▶ Prompt
Exact copies of the lines below, from the one with "सोसायटी मासिकाच्या अंकावरील" up to and including the one with "A COALPORT MINIATURE", are what this calls for; leave out pictures.

▶ Recorded data

————————

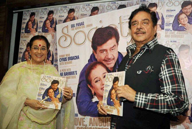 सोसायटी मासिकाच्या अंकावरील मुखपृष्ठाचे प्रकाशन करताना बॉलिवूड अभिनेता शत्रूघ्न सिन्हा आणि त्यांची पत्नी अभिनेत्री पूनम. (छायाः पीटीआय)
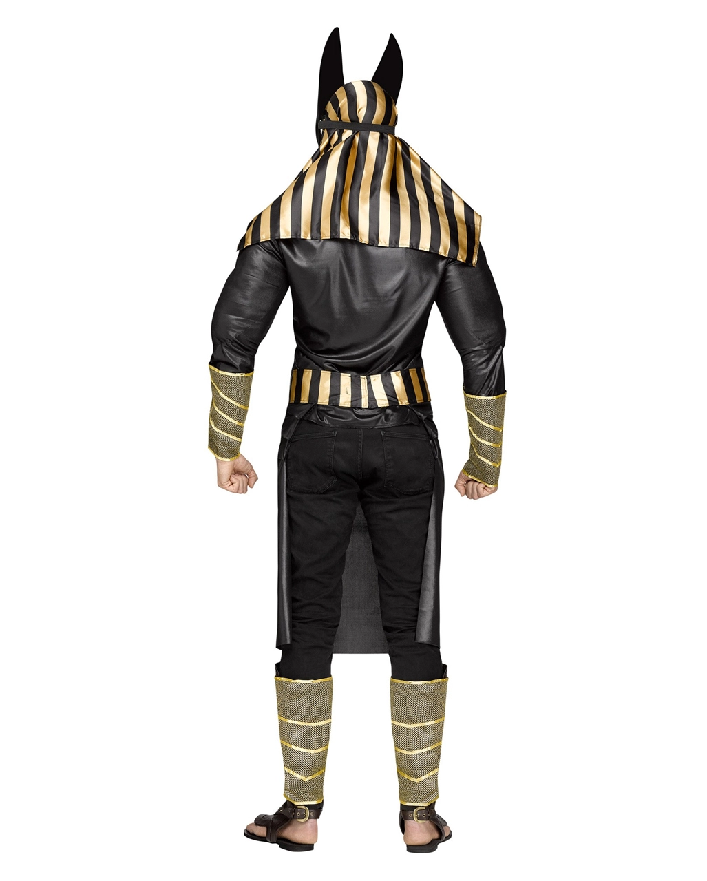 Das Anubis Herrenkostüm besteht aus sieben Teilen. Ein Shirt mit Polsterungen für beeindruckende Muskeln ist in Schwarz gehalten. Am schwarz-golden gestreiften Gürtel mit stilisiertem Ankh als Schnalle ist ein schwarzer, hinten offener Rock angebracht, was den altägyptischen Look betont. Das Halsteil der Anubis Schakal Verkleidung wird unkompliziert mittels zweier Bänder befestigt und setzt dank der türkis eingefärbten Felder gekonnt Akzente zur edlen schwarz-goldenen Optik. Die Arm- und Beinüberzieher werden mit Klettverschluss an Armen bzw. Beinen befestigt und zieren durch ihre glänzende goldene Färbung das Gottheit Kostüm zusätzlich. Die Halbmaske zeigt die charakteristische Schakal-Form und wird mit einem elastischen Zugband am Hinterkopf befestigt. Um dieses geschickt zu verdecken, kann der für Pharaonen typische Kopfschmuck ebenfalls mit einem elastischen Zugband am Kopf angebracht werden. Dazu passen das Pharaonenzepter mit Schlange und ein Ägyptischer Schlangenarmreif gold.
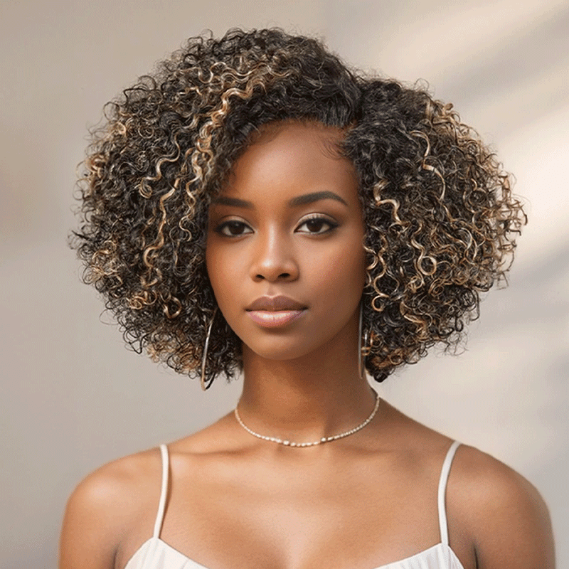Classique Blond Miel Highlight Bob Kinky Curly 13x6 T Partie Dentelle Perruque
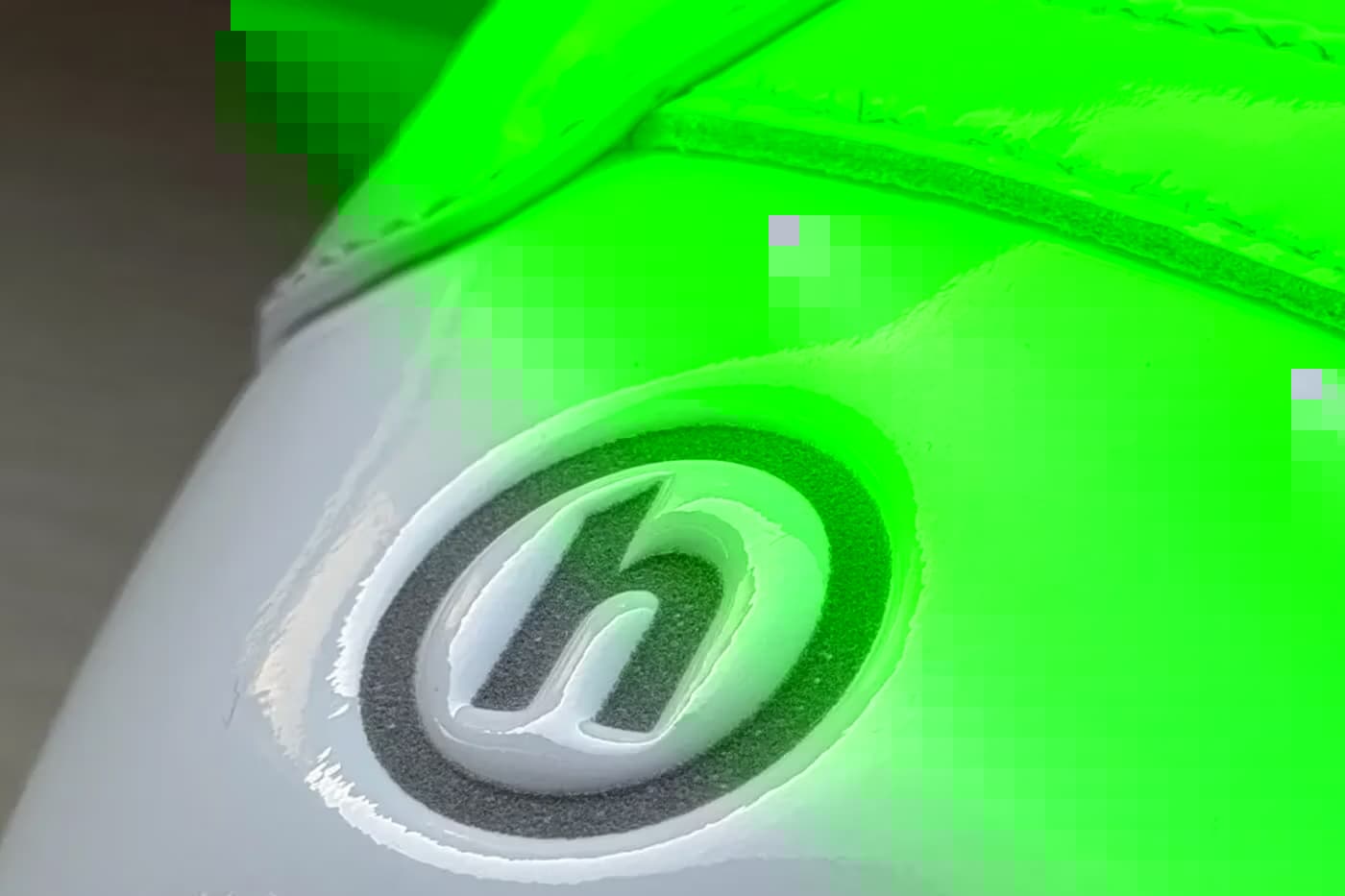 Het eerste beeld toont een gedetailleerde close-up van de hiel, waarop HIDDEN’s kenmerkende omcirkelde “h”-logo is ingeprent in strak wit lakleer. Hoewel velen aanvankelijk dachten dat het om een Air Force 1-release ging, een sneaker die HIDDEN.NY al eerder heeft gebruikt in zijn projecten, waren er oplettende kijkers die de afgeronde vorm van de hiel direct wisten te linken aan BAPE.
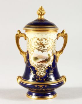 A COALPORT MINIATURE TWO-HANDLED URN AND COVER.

————————

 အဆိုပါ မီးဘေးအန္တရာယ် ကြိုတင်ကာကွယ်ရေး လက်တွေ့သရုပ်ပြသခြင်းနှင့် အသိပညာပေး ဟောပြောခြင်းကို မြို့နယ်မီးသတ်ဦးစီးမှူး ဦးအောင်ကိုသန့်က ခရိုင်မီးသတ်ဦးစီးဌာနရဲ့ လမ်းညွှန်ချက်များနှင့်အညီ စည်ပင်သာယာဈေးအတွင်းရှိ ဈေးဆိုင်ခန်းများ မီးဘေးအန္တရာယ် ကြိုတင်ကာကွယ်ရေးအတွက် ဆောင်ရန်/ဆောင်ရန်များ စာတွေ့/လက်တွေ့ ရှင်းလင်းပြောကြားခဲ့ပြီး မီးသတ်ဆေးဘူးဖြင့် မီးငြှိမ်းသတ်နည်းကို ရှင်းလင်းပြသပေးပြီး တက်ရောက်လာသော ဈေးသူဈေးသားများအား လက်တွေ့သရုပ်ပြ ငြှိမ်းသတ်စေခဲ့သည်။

————————

▶ Answer to the problem
 सोसायटी मासिकाच्या अंकावरील मुखपृष्ठाचे प्रकाशन करताना बॉलिवूड अभिनेता शत्रूघ्न सिन्हा आणि त्यांची पत्नी अभिनेत्री पूनम. (छायाः पीटीआय)
 Das Anubis Herrenkostüm besteht aus sieben Teilen. Ein Shirt mit Polsterungen für beeindruckende Muskeln ist in Schwarz gehalten. Am schwarz-golden gestreiften Gürtel mit stilisiertem Ankh als Schnalle ist ein schwarzer, hinten offener Rock angebracht, was den altägyptischen Look betont. Das Halsteil der Anubis Schakal Verkleidung wird unkompliziert mittels zweier Bänder befestigt und setzt dank der türkis eingefärbten Felder gekonnt Akzente zur edlen schwarz-goldenen Optik. Die Arm- und Beinüberzieher werden mit Klettverschluss an Armen bzw. Beinen befestigt und zieren durch ihre glänzende goldene Färbung das Gottheit Kostüm zusätzlich. Die Halbmaske zeigt die charakteristische Schakal-Form und wird mit einem elastischen Zugband am Hinterkopf befestigt. Um dieses geschickt zu verdecken, kann der für Pharaonen typische Kopfschmuck ebenfalls mit einem elastischen Zugband am Kopf angebracht werden. Dazu passen das Pharaonenzepter mit Schlange und ein Ägyptischer Schlangenarmreif gold.
Classique Blond Miel Highlight Bob Kinky Curly 13x6 T Partie Dentelle Perruque
 Het eerste beeld toont een gedetailleerde close-up van de hiel, waarop HIDDEN’s kenmerkende omcirkelde “h”-logo is ingeprent in strak wit lakleer. Hoewel velen aanvankelijk dachten dat het om een Air Force 1-release ging, een sneaker die HIDDEN.NY al eerder heeft gebruikt in zijn projecten, waren er oplettende kijkers die de afgeronde vorm van de hiel direct wisten te linken aan BAPE.
 A COALPORT MINIATURE TWO-HANDLED URN AND COVER.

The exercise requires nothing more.